What you are asked to do:
Copy the listing exactly; drop the pictures.

Data block:
###

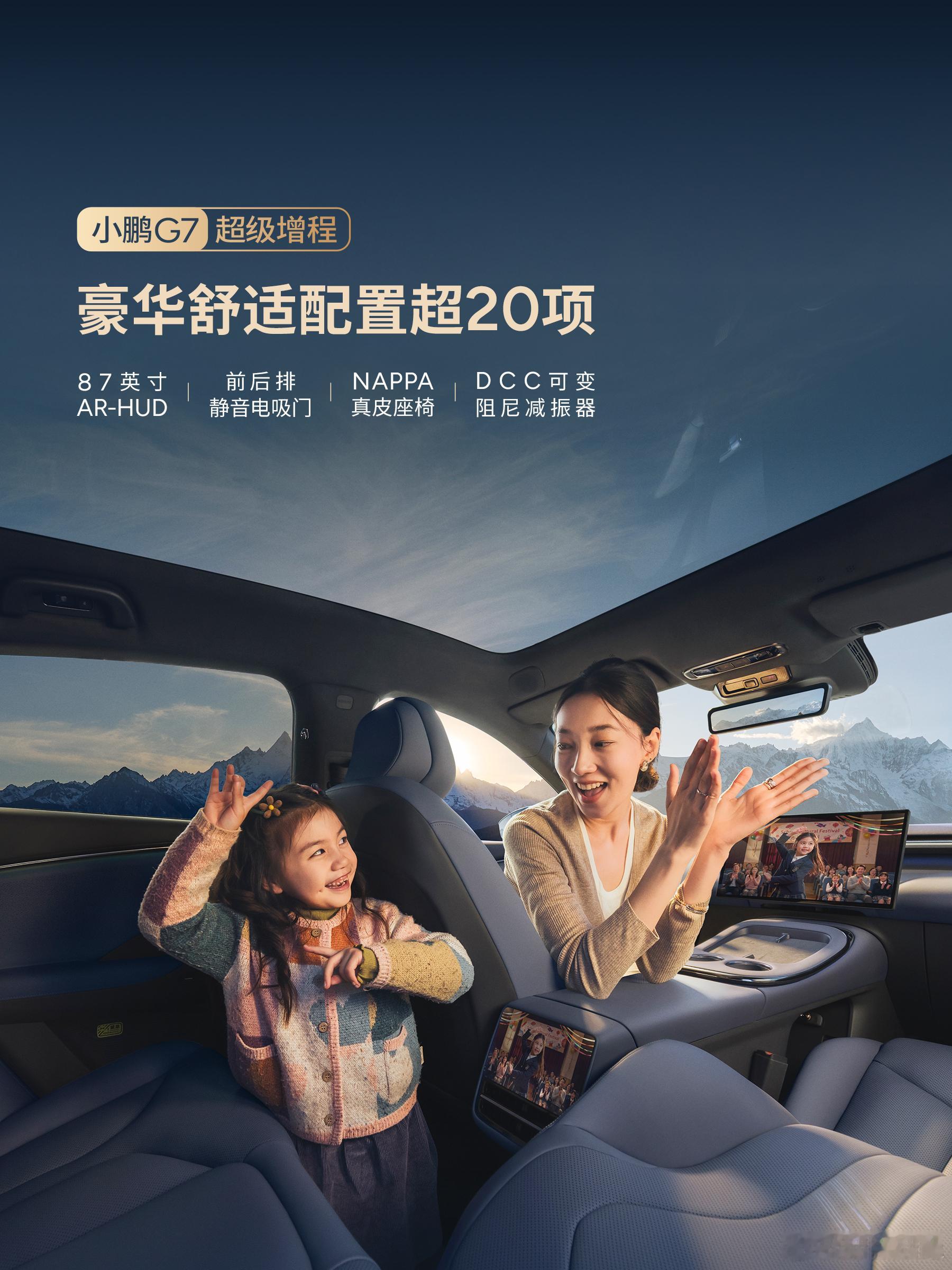 G7这次新增了全新外观颜色,星暮紫。此外还有车友们最看重的副驾专属零重力座椅。我每次开X9接送娃时,都会到后排零重力座椅躺着按摩放松一下,这个配置确实很能给人以实实在在的获得感、幸福感。跟P7+一样,G7也升级了一体式贯穿灯、20英寸运动轮毂、Power X专属尾标等等。我日常一般在小鹏超充站的480kw桩充电10分钟左右,就够一周的行程,5C大电池增程确实是当下的最优解,相信更多人体验了超级增程后,会被小鹏圈粉。1704公里超长续航SUV小鹏G7来了小鹏G7超级增程大v聊车
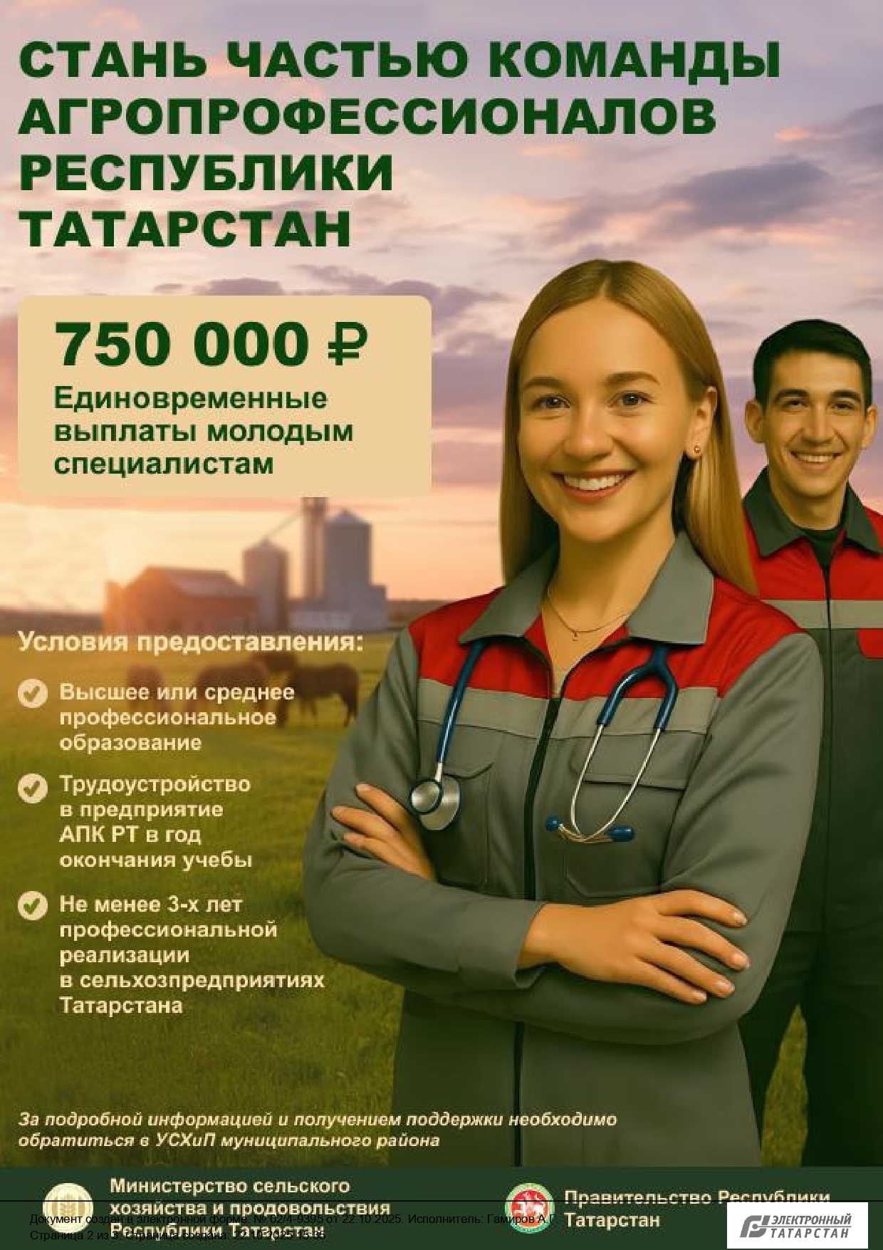 Не менее 3-х лет профессиональной реализации в сельхоз предприятиях Татарстана
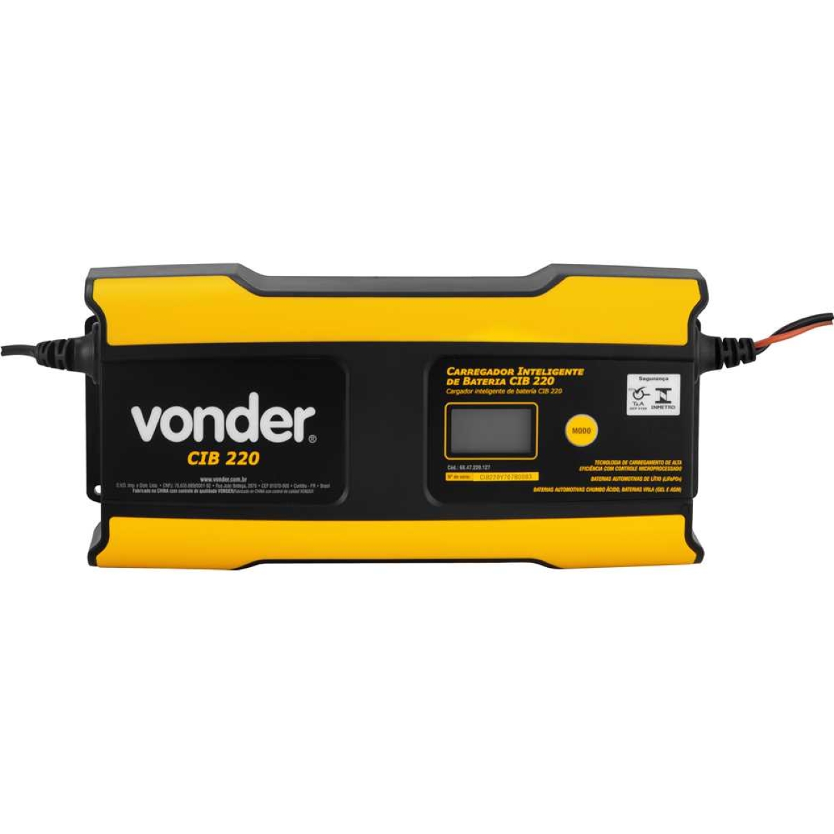 Carregador Inteligente Vonder CIB220: Carregue e Preserve a Vida Útil da Sua Bateria Mantenha suas baterias sempre prontas para uso com o Carregador Inteligente Vonder CIB220. Projetado para baterias de 30Ah a 200Ah, 6V e 12V, este carregador oferece carregamento seguro, eficiente e prolonga a vida útil da sua bateria. Ideal para motocicletas, automóveis e outros veículos ou equipamentos, ele é compatível com baterias chumbo ácida convencional, VRLA (AGM e Gel) e até mesmo baterias de Fosfato de Ferro de Lítio (LiFePO4) de 12V. Sua tecnologia com microprocessador otimiza o processo de carregamento, enquanto as proteções contra curto-circuito, polaridade invertida e sobreaquecimento garantem a segurança do seu equipamento e da bateria. Além disso, o CIB220 possui função de carregamento em baixas temperaturas (abaixo de 5°C) e sistema de conservação de carga, realizando o carregamento automático sempre que necessário. Acompanha extensões para tomada 12V, garras tipo jacaré e para motos, ampliando suas possibilidades de uso. Especificações Modelo: CIB 0220 Capacidade de carga da bateria: 30 Ah - 200 Ah Tensão de saída: 6 V - 12 V DC Corrente de carga: 2 A e 10 A Corrente de entrada: 1,6 A Potência: 150 W Comprimento do cabo da garra: 1,15 m Comprimento do cordão elétrico: 1,5 m Dimensões (C x L x A): 256 mm x 123 mm x 66 mm Tensão: 220 V~ Frequência: 50 Hz / 60 Hz Massa aproximada: 1,04 kg Itens Inclusos 1 Carregador de bateria Vonder CIB220 1 Extensão tomada 12 V macho 1 Extensão com garras tipo jacaré 1 Extensão para motos Perguntas Frequentes (FAQ) Pergunta: Qual o tipo de bateria compatível com este carregador?Resposta: Este carregador é compatível com baterias chumbo ácida convencional, VRLA (AGM e Gel) e Fosfato de Ferro de Lítio (LiFePO4) de 12V até 200Ah. Pergunta: O carregador possui proteção contra sobrecarga?Resposta: Sim, o carregador possui proteção contra curto-circuito, polaridade invertida e sobreaquecimento, garantindo a segurança da bateria e do equipamento. Pergunta: Qual a garantia do produto?Resposta: Garantia legal: 6 meses

###

Result for this exercise:
 G7这次新增了全新外观颜色,星暮紫。此外还有车友们最看重的副驾专属零重力座椅。我每次开X9接送娃时,都会到后排零重力座椅躺着按摩放松一下,这个配置确实很能给人以实实在在的获得感、幸福感。跟P7+一样,G7也升级了一体式贯穿灯、20英寸运动轮毂、Power X专属尾标等等。我日常一般在小鹏超充站的480kw桩充电10分钟左右,就够一周的行程,5C大电池增程确实是当下的最优解,相信更多人体验了超级增程后,会被小鹏圈粉。1704公里超长续航SUV小鹏G7来了小鹏G7超级增程大v聊车
 Не менее 3-х лет профессиональной реализации в сельхоз предприятиях Татарстана
 Carregador Inteligente Vonder CIB220: Carregue e Preserve a Vida Útil da Sua Bateria Mantenha suas baterias sempre prontas para uso com o Carregador Inteligente Vonder CIB220. Projetado para baterias de 30Ah a 200Ah, 6V e 12V, este carregador oferece carregamento seguro, eficiente e prolonga a vida útil da sua bateria. Ideal para motocicletas, automóveis e outros veículos ou equipamentos, ele é compatível com baterias chumbo ácida convencional, VRLA (AGM e Gel) e até mesmo baterias de Fosfato de Ferro de Lítio (LiFePO4) de 12V. Sua tecnologia com microprocessador otimiza o processo de carregamento, enquanto as proteções contra curto-circuito, polaridade invertida e sobreaquecimento garantem a segurança do seu equipamento e da bateria. Além disso, o CIB220 possui função de carregamento em baixas temperaturas (abaixo de 5°C) e sistema de conservação de carga, realizando o carregamento automático sempre que necessário. Acompanha extensões para tomada 12V, garras tipo jacaré e para motos, ampliando suas possibilidades de uso. Especificações Modelo: CIB 0220 Capacidade de carga da bateria: 30 Ah - 200 Ah Tensão de saída: 6 V - 12 V DC Corrente de carga: 2 A e 10 A Corrente de entrada: 1,6 A Potência: 150 W Comprimento do cabo da garra: 1,15 m Comprimento do cordão elétrico: 1,5 m Dimensões (C x L x A): 256 mm x 123 mm x 66 mm Tensão: 220 V~ Frequência: 50 Hz / 60 Hz Massa aproximada: 1,04 kg Itens Inclusos 1 Carregador de bateria Vonder CIB220 1 Extensão tomada 12 V macho 1 Extensão com garras tipo jacaré 1 Extensão para motos Perguntas Frequentes (FAQ) Pergunta: Qual o tipo de bateria compatível com este carregador?Resposta: Este carregador é compatível com baterias chumbo ácida convencional, VRLA (AGM e Gel) e Fosfato de Ferro de Lítio (LiFePO4) de 12V até 200Ah. Pergunta: O carregador possui proteção contra sobrecarga?Resposta: Sim, o carregador possui proteção contra curto-circuito, polaridade invertida e sobreaquecimento, garantindo a segurança da bateria e do equipamento. Pergunta: Qual a garantia do produto?Resposta: Garantia legal: 6 meses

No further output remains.